Carol Frisby was interviewed a month before she passed away. She was on the Primary Care Network (PCN), a program designed by the state as a bandage to cover the “donut hole.” PCN covers doctor appointments and prescriptions, but there is little to no funding for an examination, such as a colonoscopy. Frisby needed a colonoscopy for years for her progressing colon cancer, a curable disease until it reaches stage four. She was forced to go to the ER when her conditions had become unbearable and received some intense treatments, but it was too late.

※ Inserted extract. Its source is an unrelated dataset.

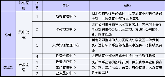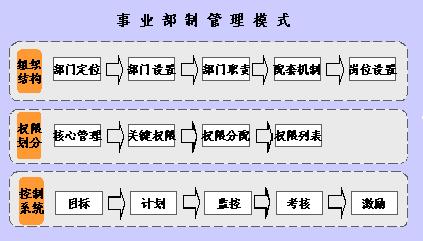 1、 重大决策权:即总部对各个事业部在战略方向、重大战略性项目等重大经营管理问题上的决策权力。 2、 合理监控权:即总部对各个事业部合理的监控权,主要体现在财务监控与业务监控(业务监控权,指对业务经营状况的知情权、整体经营业绩的考核权等)。 3、 高层人事权:即总部对各个事业部高层管理人员(包括事业部的财务人员)的任免权、奖惩激励权等。 该三种权力不仅是总部所拥有的核心权力,而且是总部所拥有的最底线的权力。在这样的前提条件下,总部对事业部的管理就不会出现失控的问题。 事业部制管理模式设计的三大核心――组织结构、权限划分、控制体系 通过实践总结,我们认为设计事业部制管理模式需要建立三个核心内容――组织结构、权限划分以及控制体系。(事业部制管理模式如图1所示) 所谓组织结构(设计),即设计总部、事业部组织结构,包括部门构成、确定部门职责以及相关岗位设计。 所谓权限划分,即具体集权和分权的内容,是指对具体的管理内容,总部与事业部各自行使的权力。 所谓控制体系,是指总部对各事业部管理进行有效计划、监督、控制与激励的管理体系。 组织结构是设计管理模式的基础工作,它不仅是权限实现的载体,而且是控制体系得以顺畅执行的平台;管理模式本质上界定清楚总部与事业部之间的权限划分,因此权限划分是整个管理模式得以成功的保障;控制体系则是管理模式内容的核心。 图1 事业部制管理模式图 1、 组织结构设计 首先,明确总部和事业部各自的定位。 事业部制管理模式对总部和事业部各自的定位体现出“集中决策、分散经营”的原则。具体定位参见下表2。 需要说明的是,战略管理中心、财务控制中心和人力资源管理中心分别是总部“三大权力”的具体体现,此处不赘述。经营协调中心是总部在各个事业部之间充当协调人和服务者的角色,这样降低了事业部之间协调成本,实现公司资源的充分利用。 表2 事业部制管理模式下的总部/事业部定位
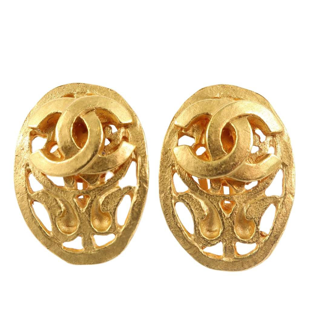 Chanel CC Gold Plated Oval Clip On Earrings Gold Metal

Currently, 65,000 people in Utah do not have health insurance because they cannot meet the criteria for Medicaid coverage. Merrick said the documentary helps to put a face on the problem,

“We cannot wait any longer, we cannot push it to the next legislature session,” Merrick said. “We need to put ideologies aside and look at what Utah wants.”

Merrick and Sanchez both came from film backgrounds before they went to medical school. They created the film with the support of 20 other medical students and one law student. “Donut Hole: Life in the Medicaid Coverage Gap” will be shown on Tuesday at the new law building. It will also be posted online.